Problem to solve: Whether an entry is long or short, retype it exactly.

Data records:
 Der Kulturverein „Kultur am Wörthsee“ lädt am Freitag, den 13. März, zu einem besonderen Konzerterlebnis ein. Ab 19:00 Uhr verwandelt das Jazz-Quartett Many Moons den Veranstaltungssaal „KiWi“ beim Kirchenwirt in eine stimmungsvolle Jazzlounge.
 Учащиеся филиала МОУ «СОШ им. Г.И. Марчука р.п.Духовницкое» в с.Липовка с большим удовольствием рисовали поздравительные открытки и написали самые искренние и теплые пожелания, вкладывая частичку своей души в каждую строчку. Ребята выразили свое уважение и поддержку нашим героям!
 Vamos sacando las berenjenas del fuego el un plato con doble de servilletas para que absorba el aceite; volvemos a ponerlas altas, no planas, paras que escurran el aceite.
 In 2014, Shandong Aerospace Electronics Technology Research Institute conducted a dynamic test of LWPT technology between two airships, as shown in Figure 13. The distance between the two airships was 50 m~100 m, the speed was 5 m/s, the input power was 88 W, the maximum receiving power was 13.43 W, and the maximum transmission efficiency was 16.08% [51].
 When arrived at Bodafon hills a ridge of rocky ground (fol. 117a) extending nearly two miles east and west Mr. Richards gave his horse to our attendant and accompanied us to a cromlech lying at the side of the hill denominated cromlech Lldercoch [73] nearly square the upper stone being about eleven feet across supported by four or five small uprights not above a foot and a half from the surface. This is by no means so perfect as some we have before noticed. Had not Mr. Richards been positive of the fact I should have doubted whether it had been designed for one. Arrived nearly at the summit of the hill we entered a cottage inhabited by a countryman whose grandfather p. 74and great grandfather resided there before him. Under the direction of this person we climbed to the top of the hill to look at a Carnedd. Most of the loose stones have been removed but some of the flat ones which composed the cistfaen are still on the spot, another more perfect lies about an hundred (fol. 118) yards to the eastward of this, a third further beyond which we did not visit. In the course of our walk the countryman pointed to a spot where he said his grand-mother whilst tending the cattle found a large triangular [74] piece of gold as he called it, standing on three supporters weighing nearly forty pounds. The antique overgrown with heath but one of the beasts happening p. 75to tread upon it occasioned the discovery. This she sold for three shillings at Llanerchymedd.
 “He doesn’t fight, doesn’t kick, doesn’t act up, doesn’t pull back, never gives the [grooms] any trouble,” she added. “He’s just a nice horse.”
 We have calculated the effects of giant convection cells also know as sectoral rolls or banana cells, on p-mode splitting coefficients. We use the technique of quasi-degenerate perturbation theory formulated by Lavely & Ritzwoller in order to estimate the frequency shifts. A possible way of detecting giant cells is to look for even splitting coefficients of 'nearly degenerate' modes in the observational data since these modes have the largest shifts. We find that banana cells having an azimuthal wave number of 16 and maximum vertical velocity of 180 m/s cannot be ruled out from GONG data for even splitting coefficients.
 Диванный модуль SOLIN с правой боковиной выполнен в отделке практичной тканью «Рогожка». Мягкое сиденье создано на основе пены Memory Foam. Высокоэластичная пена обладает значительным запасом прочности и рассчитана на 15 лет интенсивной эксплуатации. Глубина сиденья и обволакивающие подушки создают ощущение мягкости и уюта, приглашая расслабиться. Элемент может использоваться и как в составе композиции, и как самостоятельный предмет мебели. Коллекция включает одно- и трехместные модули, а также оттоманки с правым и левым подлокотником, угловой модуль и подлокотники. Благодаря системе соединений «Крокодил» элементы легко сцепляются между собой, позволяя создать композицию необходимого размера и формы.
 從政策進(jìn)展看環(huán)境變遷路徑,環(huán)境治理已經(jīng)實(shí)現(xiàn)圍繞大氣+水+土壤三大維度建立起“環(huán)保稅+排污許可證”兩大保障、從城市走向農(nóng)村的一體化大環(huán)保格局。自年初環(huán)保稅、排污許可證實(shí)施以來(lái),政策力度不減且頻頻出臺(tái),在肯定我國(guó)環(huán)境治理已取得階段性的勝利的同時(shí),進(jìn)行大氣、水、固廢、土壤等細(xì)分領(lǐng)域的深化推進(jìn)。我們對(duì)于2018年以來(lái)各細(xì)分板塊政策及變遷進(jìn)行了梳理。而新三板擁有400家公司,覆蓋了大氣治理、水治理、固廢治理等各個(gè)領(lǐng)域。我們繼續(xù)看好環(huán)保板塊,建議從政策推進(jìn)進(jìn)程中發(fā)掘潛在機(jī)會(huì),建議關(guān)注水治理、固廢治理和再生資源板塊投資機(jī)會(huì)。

Answer to this problem:
 Der Kulturverein „Kultur am Wörthsee“ lädt am Freitag, den 13. März, zu einem besonderen Konzerterlebnis ein. Ab 19:00 Uhr verwandelt das Jazz-Quartett Many Moons den Veranstaltungssaal „KiWi“ beim Kirchenwirt in eine stimmungsvolle Jazzlounge.
 Учащиеся филиала МОУ «СОШ им. Г.И. Марчука р.п.Духовницкое» в с.Липовка с большим удовольствием рисовали поздравительные открытки и написали самые искренние и теплые пожелания, вкладывая частичку своей души в каждую строчку. Ребята выразили свое уважение и поддержку нашим героям!
 Vamos sacando las berenjenas del fuego el un plato con doble de servilletas para que absorba el aceite; volvemos a ponerlas altas, no planas, paras que escurran el aceite.
 In 2014, Shandong Aerospace Electronics Technology Research Institute conducted a dynamic test of LWPT technology between two airships, as shown in Figure 13. The distance between the two airships was 50 m~100 m, the speed was 5 m/s, the input power was 88 W, the maximum receiving power was 13.43 W, and the maximum transmission efficiency was 16.08% [51].
 When arrived at Bodafon hills a ridge of rocky ground (fol. 117a) extending nearly two miles east and west Mr. Richards gave his horse to our attendant and accompanied us to a cromlech lying at the side of the hill denominated cromlech Lldercoch [73] nearly square the upper stone being about eleven feet across supported by four or five small uprights not above a foot and a half from the surface. This is by no means so perfect as some we have before noticed. Had not Mr. Richards been positive of the fact I should have doubted whether it had been designed for one. Arrived nearly at the summit of the hill we entered a cottage inhabited by a countryman whose grandfather p. 74and great grandfather resided there before him. Under the direction of this person we climbed to the top of the hill to look at a Carnedd. Most of the loose stones have been removed but some of the flat ones which composed the cistfaen are still on the spot, another more perfect lies about an hundred (fol. 118) yards to the eastward of this, a third further beyond which we did not visit. In the course of our walk the countryman pointed to a spot where he said his grand-mother whilst tending the cattle found a large triangular [74] piece of gold as he called it, standing on three supporters weighing nearly forty pounds. The antique overgrown with heath but one of the beasts happening p. 75to tread upon it occasioned the discovery. This she sold for three shillings at Llanerchymedd.
 “He doesn’t fight, doesn’t kick, doesn’t act up, doesn’t pull back, never gives the [grooms] any trouble,” she added. “He’s just a nice horse.”
 We have calculated the effects of giant convection cells also know as sectoral rolls or banana cells, on p-mode splitting coefficients. We use the technique of quasi-degenerate perturbation theory formulated by Lavely & Ritzwoller in order to estimate the frequency shifts. A possible way of detecting giant cells is to look for even splitting coefficients of 'nearly degenerate' modes in the observational data since these modes have the largest shifts. We find that banana cells having an azimuthal wave number of 16 and maximum vertical velocity of 180 m/s cannot be ruled out from GONG data for even splitting coefficients.
 Диванный модуль SOLIN с правой боковиной выполнен в отделке практичной тканью «Рогожка». Мягкое сиденье создано на основе пены Memory Foam. Высокоэластичная пена обладает значительным запасом прочности и рассчитана на 15 лет интенсивной эксплуатации. Глубина сиденья и обволакивающие подушки создают ощущение мягкости и уюта, приглашая расслабиться. Элемент может использоваться и как в составе композиции, и как самостоятельный предмет мебели. Коллекция включает одно- и трехместные модули, а также оттоманки с правым и левым подлокотником, угловой модуль и подлокотники. Благодаря системе соединений «Крокодил» элементы легко сцепляются между собой, позволяя создать композицию необходимого размера и формы.
 從政策進(jìn)展看環(huán)境變遷路徑,環(huán)境治理已經(jīng)實(shí)現(xiàn)圍繞大氣+水+土壤三大維度建立起“環(huán)保稅+排污許可證”兩大保障、從城市走向農(nóng)村的一體化大環(huán)保格局。自年初環(huán)保稅、排污許可證實(shí)施以來(lái),政策力度不減且頻頻出臺(tái),在肯定我國(guó)環(huán)境治理已取得階段性的勝利的同時(shí),進(jìn)行大氣、水、固廢、土壤等細(xì)分領(lǐng)域的深化推進(jìn)。我們對(duì)于2018年以來(lái)各細(xì)分板塊政策及變遷進(jìn)行了梳理。而新三板擁有400家公司,覆蓋了大氣治理、水治理、固廢治理等各個(gè)領(lǐng)域。我們繼續(xù)看好環(huán)保板塊,建議從政策推進(jìn)進(jìn)程中發(fā)掘潛在機(jī)會(huì),建議關(guān)注水治理、固廢治理和再生資源板塊投資機(jī)會(huì)。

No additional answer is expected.